USS Pickering was a topsail schooner in the United States Revenue Cutter Service and then the United States Navy during the Quasi-War with France. She was named for Timothy Pickering, then the Secretary of State.

USRC Pickering was built at Newburyport, Massachusetts in 1798 for the Revenue Cutter Service. Captain Jonathan Chapman was her first commander. Taken into the Navy in July at the outbreak of the Quasi-War, she departed Boston on her first cruise on 22 August.

Service history
In 1799 and early 1800, she was part of Commodore Barry's squadron in the West Indies.

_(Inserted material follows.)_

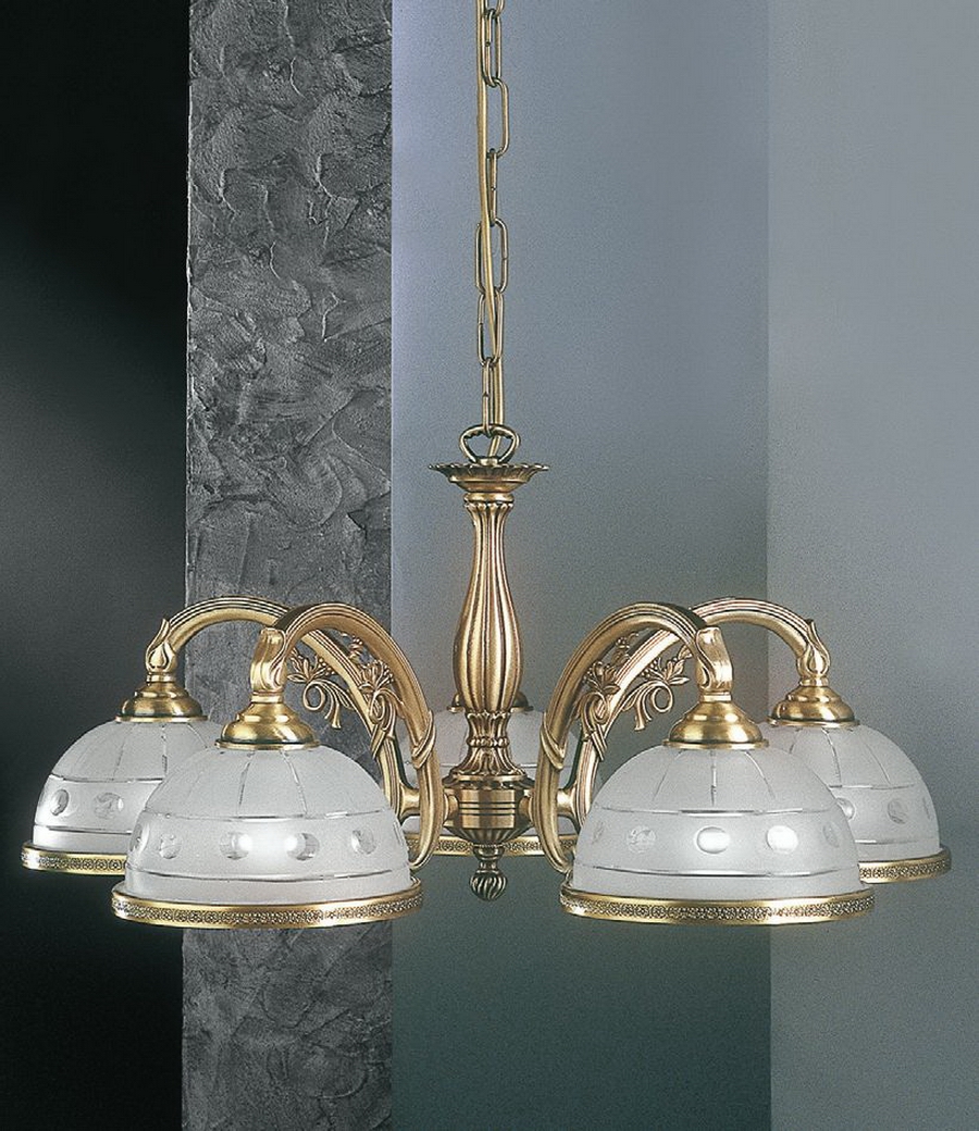 Пяти-рожковая классическая люстра. Украсит интерьер в классическом стиле. Благородная, изящная серия. Корпус люстры имеет покрытие BRONZO ARTE. Плафоны - VETRO SATIN MOLATO.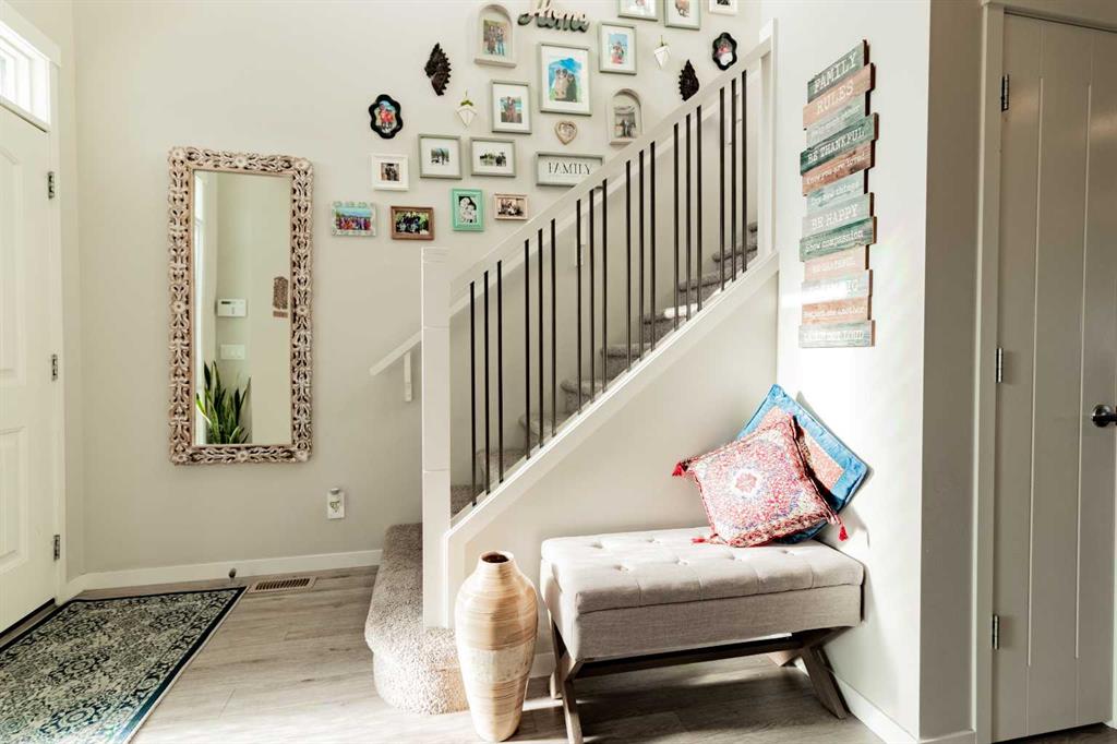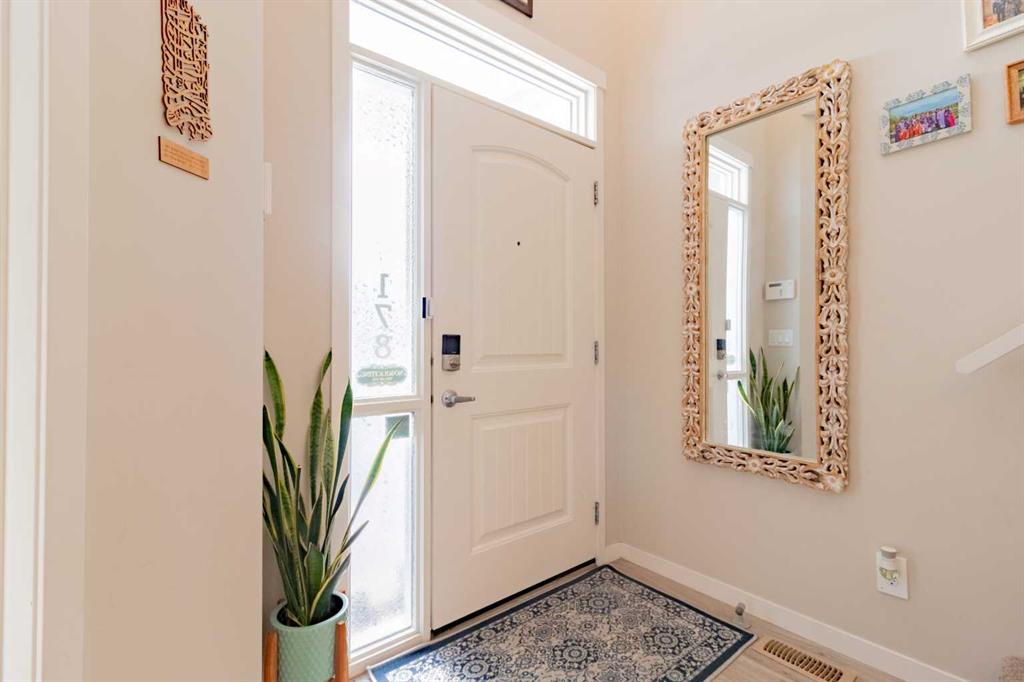 *Open House Sunday, January 4th, 2026 12 – 3 PM & Sunday, January 10th & 11th, 2026 12 – 3 PM** Wow! Unbeatable value in the new Calgary North desirable community of Livingston! Built in 2016 this bright naturally lit south facing former Morrison Homes Show Home ticks all the boxes! 3 Large bedrooms & 2 full washrooms upstairs, a 4th Bedroom & open concept living area with a powder room on the main floor gives you enough room to not only to enjoy but to grow in as well! From modern stainless steel Energy Efficient® appliances & fixtures all through out the house has been thoughtfully laid out & planned for. As you walk through the front doors you will find ample space to take a moment to take your coats & shoes off & place them in the closet to the left. On your right you will find an additional bedroom, currently being used as a library. Walk past the stairs down the hallway to your large open concept kitchen finished with modern stainless-steel appliances, Breakfast Island & own dedicated pantry! The stove already has a gas line pre-installed as well! Here you will also find your dining area with a beautiful modern chandelier & a cozy family room with its own gas fireplace finished with stone. You can cook dinner while the kids watch some TV or finish their home work! Further ahead you will have access to your backyard with a large deck, concrete pad for your BBQ & concrete pathway to your oversized (22’ x 24’) double detached garage. Upstairs you have your large master bed which comes with its own walk-in closet & primary 3-piece ensuite! With views of the lake in the back this room is a perfect retreat from your hectic day! There are two additional large size rooms, both with their own closets & a second 4-piece bathroom upstairs as well. All fittings are Energy Star® & have a sleek modern finish to make them standout! The basement is currently undeveloped & used for recreation. The furnace is high efficiency & there is even a Heat Recovery Ventilator to recover heat on the cold nights & to keep the house cool during the summer there is even central air conditioning! This space is waiting your touch to be developed further if required. The location of this property is priceless, with it being within walking distance of the Livingston Community Center where you will find skate parks, splash pools, tennis courts walking paths, kid’s playgrounds, community hall, theater, private schools & so much more! Upgrades are endless – 9 Ft Ceilings on the main floor and basement, Granite counter tops, oversize kitchen sink, Sprinkler system through out the whole house, oversize fridge, built in closet shelving & much more! Roof replaced with Class 4 Asphalt Shingles October 2025 & Siding replaced November 2024. This home needs nothing & is perfect for first time buyers or investors alike! Don’t miss the opportunity to view this gem & book your showing today!

Lieutenant Edward Preble commanded Pickering from January through June 1799, when he was promoted to captain and took command of the frigate .

Pickering was permanently transferred to the Navy on 20 May and re-designated USS Pickering.  Master Commandant Benjamin Hillar, U.S. Navy, assumed command in June, and continued command of the ship for its final years. Under Hillar's command Pickering fought a notable engagement with the French privateer L'Egypte Conquise on 18 October 1799. The Frenchman was well fitted out and manned and should have been able to capture Pickering. While the French ship carried fourteen 9-pounders, four 6-pounders, and crew of 250, the American cutter had only fourteen 4-pounders and seventy men. After a nine-hour battle, however, the French ship was forced to surrender. Pickering continued to cruise in the West Indies, and before her return to the United States had captured four French privateers, including Voltigeuse, Atalanta, L'Active, and Fly, and recaptured the American merchant ship Portland.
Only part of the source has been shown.